I looked down at the top of her head and wished that this whole stinking business was over. It had suddenly come to me that a burnt-out hospital littered with corpses wasn’t the best place in the world to tell a girl that you were falling in love with her. I would have to wait for a calm sea and romantic moonlight, with perhaps the strains of a love song echoing from the saloon.

And for the moment I was sickened of the whole chase. How Mark came to die, where his stupid treasure of cobalt lay, none of it mattered. I wanted to be done with the whole affair – bar Clare. And I couldn’t get out of any of it that easily. I recognized the symptoms of exhaustion and sat up, bracing myself.

She saw the expression in my eyes and looked away quickly, but I think she read it all there. She said, ‘We’ve got to go through with this now, Mike. We can’t let Suarez-Navarro get away with it – if it is them. All this would go for nothing if we did that.’

‘I know; but it won’t last forever, Clare. There’ll be better days coming. I’m all right now. Were any of our chaps hurt besides me?’

‘Scorches, a few scrapes. None worse than you,’ she told me.

‘Good. We have to start getting clear of this lot, then. The local people must carry on until we can get word back.’ I left her and went to where Piro was standing and was aware that she was watching me. I would have given anything to be elsewhere with her than on that beach.

I said to Piro, ‘What will you do now?’

He turned a sad face to me. ‘We build again. All Tanakabu people built more here – many huts. But no doctor …’

I said, ‘Piro, Mr Campbell there has money, more than he needs. He will send doctors and you will get a proper hospital, like the one in Papeete. But first we must go back there and tell the police what happened here. Can you write a message for me?’

But it turned out that Piro could not write, nor even sign his name, which was a pity – I wanted a witnessed account of the event to take back, but with Schouten dead there was nobody else to turn to for it.

We buried the dead in the hospital cemetery. I asked about a priest but apparently Schouten had stood in himself for such occasions. They produced a Bible and Campbell pronounced a few words, though few of the locals could understand him. He said, ‘We commit to the earth the bodies of those who are the innocent victims of a dreadful crime. “Vengeance is mine”, saith the Lord, but it may be He will use men like us as His instrument. I hope so.’

Then he turned and walked away down the beach, a sad and lonely figure.

Schouten was given a grave in a place apart from the others. I thought this might be because of differing religions, but it appeared that they wished to make his resting-place special, and it was clear that they mourned him deeply. I thought that he would have a better memorial
than he might ever have realized would be his lot, and was glad of it.

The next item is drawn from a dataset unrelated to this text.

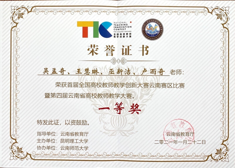 云南省教学成果二等奖 “数字化时代的土建类学生工程能力提升培养模式探索与实践”项目单位 。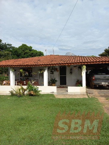 Chácara com 03 quartos, sala, cozinha, 02 banheiros azulejados e garagem descoberta + edícula com cozinha, 02 banheiros e salão.

The islanders were already clearing away rubble, and most of the patients had vanished into other homes, when we left that afternoon. There was nothing we could find to take with us as proof of the disaster – the hospital records and all Schouten’s personal belongings had been destroyed. We took photographs, though, and I included a couple of the natives gathering round Campbell and Ian to shake their hands, as proof of our friendship, and also of the crew at the mass funeral.

As Ian conned
Esmerelda
out through the pass of Tanakabu he asked sadly, ‘What kind of men are they to do a thing like that? You told us they were dangerous – they seem demented, Mike.’

‘They must be psychopaths,’ I said. ‘From what I learned from the Dutch doctor Hadley certainly is.’

Shorty Powell came on deck, white-faced, at the same time that Campbell emerged looking thunderous. ‘I’ve got something to show you,’ he said, and took me down to Kane’s cabin together with Ian. On the bunk lay a brown-painted gadget which Shorty had clearly recognized and shown to Campbell.